Convalescent plasma refers to blood plasma collected from people who have recovered from COVID-19. That plasma is then used to treat others with advanced illness. The plasma donor must have recovered from, and tested negative for, COVID-19 and be otherwise healthy. The patient is transfused with the donor’s plasma, which contains antibodies that can attack the virus and may help patients recover more rapidly.

The convalescent plasma program at Mayo Clinic, which is led by researcher Michael Joyner, M.D., grew from a national initiative of physicians and investigators from 40 institutions who self-organized to investigate the use of convalescent plasma during the COVID-19 pandemic. These institutions include Mayo Clinic, Johns Hopkins University, Washington University, Einstein Medical Center, Icahn School of Medicine at Mount Sinai, Michigan State University, as well as countless other academic medical centers and government agencies seeking to establish a national convalescent plasma program to modify the course of disease.

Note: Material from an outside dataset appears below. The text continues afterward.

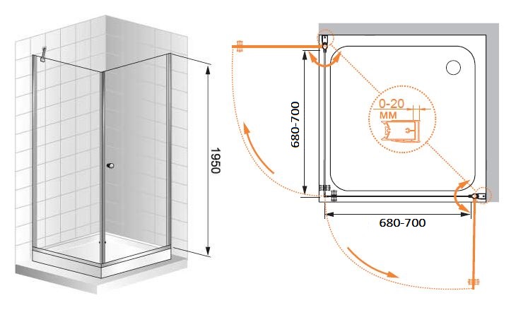 Душевой уголок, квадратный.

“We are pleased to work with our colleagues and the nation to fight this pandemic every way we can as part of Mayo’s patient-focused mission,” Dr. Joyner said. “We believe this program, in extending access to this investigational treatment, is a hopeful therapeutic option. We anticipate a trickle of convalescent plasma for therapy will begin next week, with more available in the following weeks. We also will collect data so we can understand how best to use plasma to treat COVID-19.”

Physicians at any institution who are treating hospitalized patients with COVID-19 can register their patients’ information at The national program is supported by the American Red Cross and the larger blood-banking community, which will work with physicians to collect and distribute the donor plasma.

The FDA authorized the Convalescent Plasma Expanded Access Program for the use of convalescent plasma for patients infected with SARS-CoV-2, the virus that causes COVID-19.